A shockingly refined bizarre comedy experience.

This game was introduced to me way back when in Let's Plays, and I've wanted to own and play it ever since.

What I loved first about Jazzpunk was its comedy. Simply put, the game is always throwing something silly, surreal, surprising, or referential at you wherever you turn, and there are some fantastic gags and otherwise memorably strange scenes. The player's limbs being paper cutouts on sticks, physics taking a holiday, extremely dark and cruel jokes, and a Shout-Out of almost any kind...it's a great experience.

The game also has an incredibly strong aesthetic identity, and I'd even call it artistic. The game indulges in a strange blend of retro-futurist 1950s aesthetics and modern cyberpunk, all packaged within a very silly spy narrative, and visually and thematically coalesces very nicely into a spot-on pastiche with a minimalist yet authentic art style. The characters all look like bathroom door icons, but they work perfectly for the retro art style and surrealism. I love the tone and its realization.

Jazzpunk is a game built on exploration and has no consequence or real challenge, which is perfectly fine. There are cases, however, where it feels like some exploration wasn't rewarded well enough, like NPCs with the same dialogue in multiple locations or repeated interactions or gags where it felt like more unique gags would have been expected. For example, you can get a master key to a hotel's rooms, but each floor has the same mix of scenes inside the rooms until you find the scene that destroys the key. This kind of thing feels disappointing. In that case, each room felt like a promise of a different surprise, and there were a few other spots where it felt like jokes could have been present or more varied.

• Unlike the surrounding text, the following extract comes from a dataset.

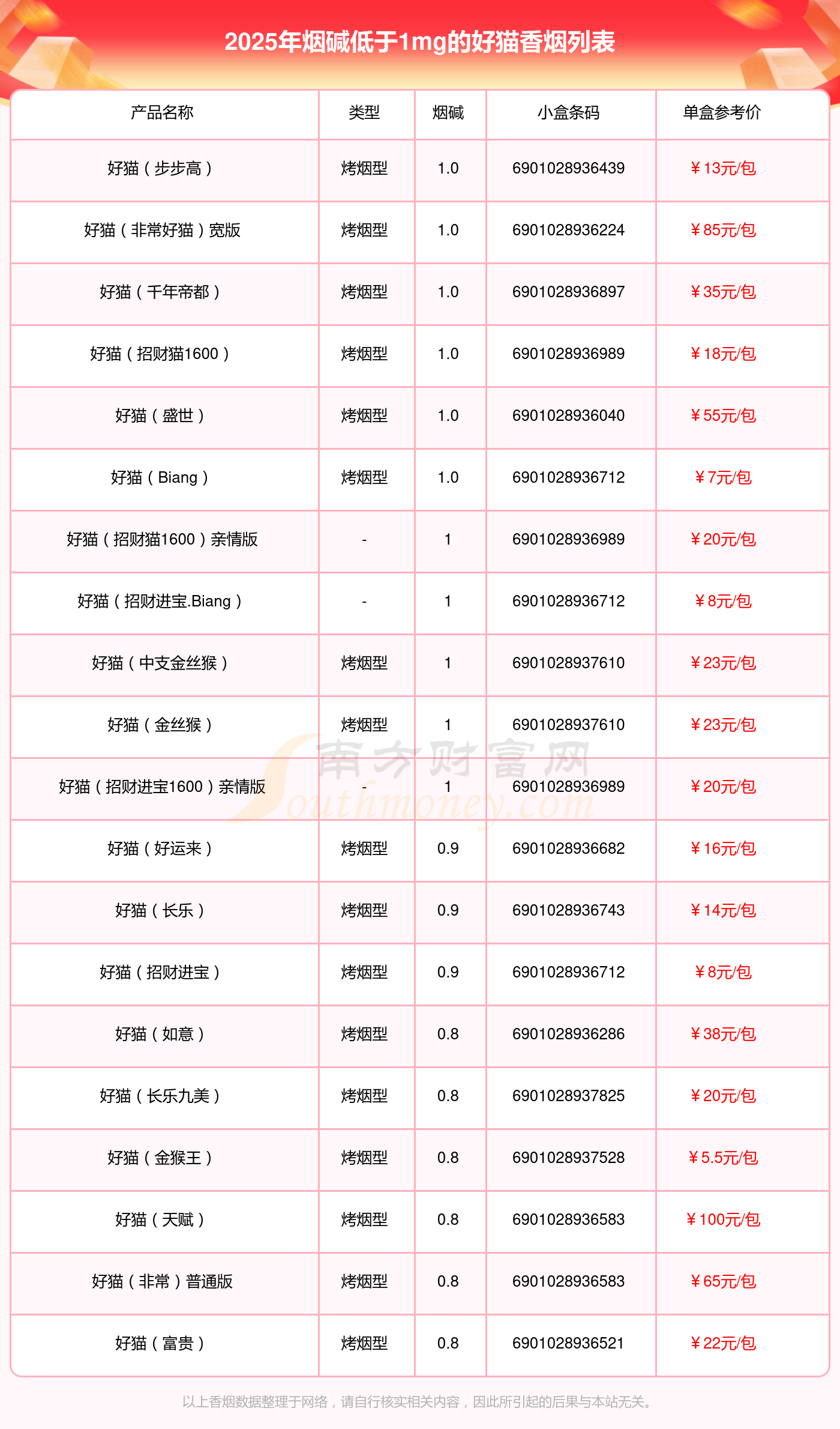 好貓香煙煙堿低于1mg的煙有哪些?擇煙網(wǎng)為大家整理提供,分別有:好貓(步步高)、好貓(非常好貓)寬版、好貓(千年帝都)、好貓(招財(cái)貓1600)、好貓(盛世)、好貓(Biang)、好貓(招財(cái)貓1600)親情版、好貓(招財(cái)進(jìn)寶.Biang)、好貓(中支金絲猴)、好貓(金絲猴)等,具體價(jià)格如下:

In the end, this game is fantastically weird and has a far more developed identity than it has any right to. It truly makes jazzpunk feel like its own genre- and that genre is surreal, clever and surprising.

maninahat Since: Apr, 2009
01/17/2022 00:00:00

My only criticism of the game is that it absolutely should have had a mission set on a train. How can you have a 50s spy adventure not involve a train journey somehow?